The final area to focus on is the diluting of risk factors that a calf is exposed to. Pathogens involved in BRD infections are numerous, but all are spread via direct calf-to-calf contact, via fomites covered in infectious saliva or nasal secretions or via aerosols. This means if we can dilute the numbers in the environment, we will reduce infection pressures. Isolation of sick calves (if they are kept in groups) will help reduce spread to the rest of the pen, and can help stock people to monitor ill calves more closely.
Minimising the use of feeding equipment for multiple groups will help reduce spread through contaminated teats, but where this is not possible, making sure feeders are used for the most vulnerable, youngest calves first can help (Figure 4). Automatic calf feeders can be a particular source of spread of infectious respiratory pathogens due to a single teat being used to feed large groups – again, the risk can be minimised by at least daily cleaning/disinfection of the shared teat, along with feeding station surfaces that are often covered in calf saliva.

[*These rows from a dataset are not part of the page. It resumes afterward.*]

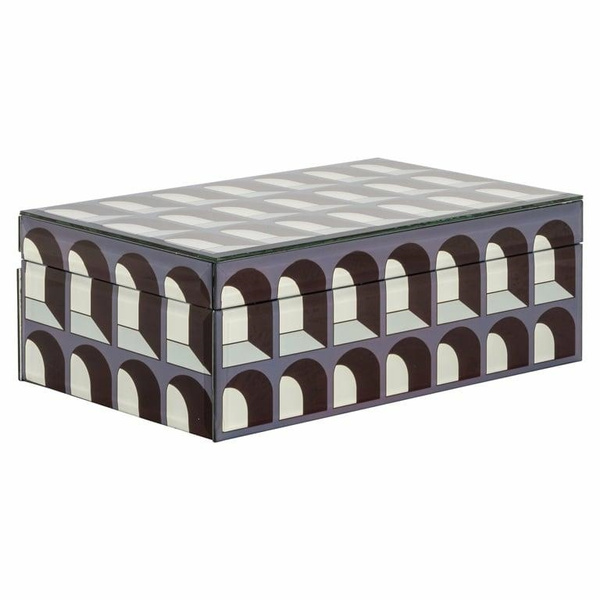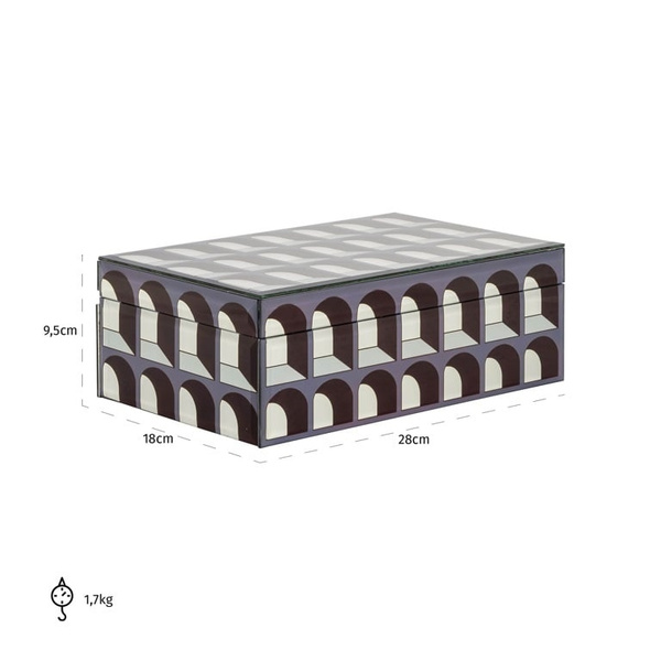 RICHMOND pojemnik na biżuterię VAYA L. Idealne rozwiązanie dla osób poszukujących eleganckiego i luksusowego sposobu przechowywania swojej cennej biżuterii i innych wartościowych rzeczy. Pięknie zdobione wykonanie z metalu i szkła wykończono w stonowanej kolorystyce. Delikatne wzory przypominające kolumny sprawiają wrażenie 3D i dodają subtelnej elegancji oraz oryginalności. Dostępna także większa wersja. Wymiary: wys. 9,5 cm / szer. 28 cm / gł. 18 cm Waga netto: 1,7 kg.
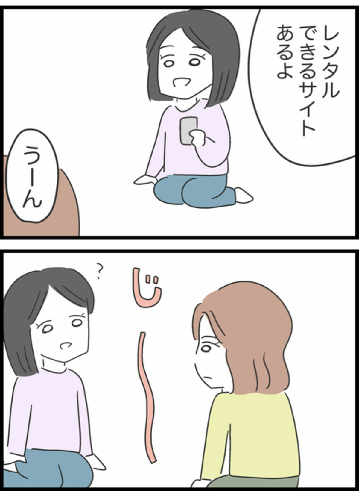 りかの「貸して!」という言葉に驚き何も言えないすみれ。まさか貸してほしいと言われるとは想像もしていなかったでしょうね。りかは服を着る予定があるかまで確認したうえで「じゃあ貸して」と借りられる前提で話をしてきていますね。お金のことでりかに対してモヤモヤしたばかりなのに、すみれはまた貸してしまうのでしょうか。
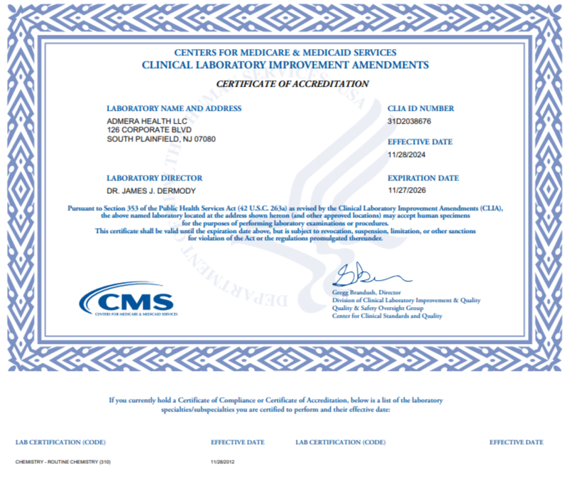 A CLIA certification is a federal credential overseen by the Centers for Medicare & Medicaid Services (CMS), in collaboration with the FDA and CDC, that ensures laboratories performing human diagnostic tests meet rigorous standards for accuracy, reliability, and timely reporting.
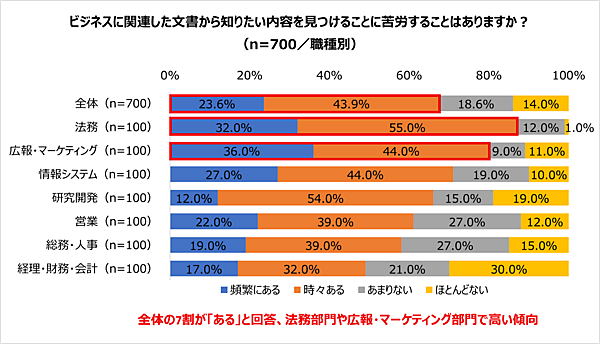 一方で、ビジネス文書に関連した文書から知りたい内容を見つけることに苦労することがあるかを聞くと、全体ではある・時々あるの合計が67.5%となった。職種別で見ると、「法務部門」では計87.0%、「広報・マーケティング部門」では計80.0%と、特に高い傾向が見られた。
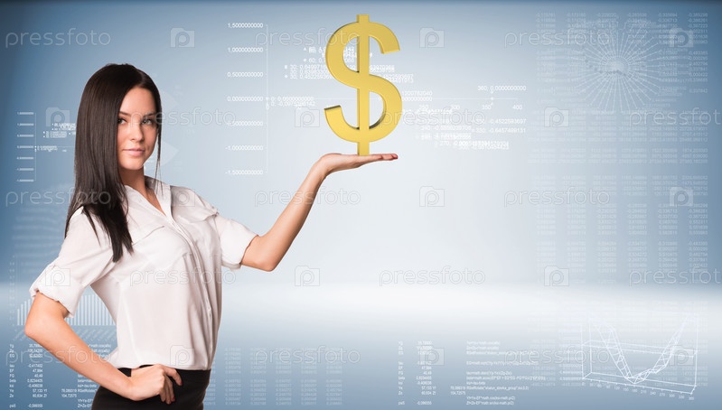 Красивая деловая женщина держит знак доллара

The final management area to optimise is calf housing ventilation – fresh air is vital, with a minimum of eight air changes per hour (Figure 5), at air speeds less than 0.5m/s to avoid causing draughts at calf level (Nordlund, 2008).
This will also help lower levels of dust, which can irritate the respiratory tract and harbour pathogens, as well as noxious gases such as ammonia, which are irritant to respiratory mucosa and can make them more vulnerable to infection.
Calves are the future of the herd, making it imperative to protect their health to ensure future productivity is realised, as well as reducing short-term costs associated with sick calves.
BRD is a performance-limiting disease, and so a multifaceted solution for management is needed to dilute stressors placed on the calf and reduce infectious environmental pollutants that can result in disease.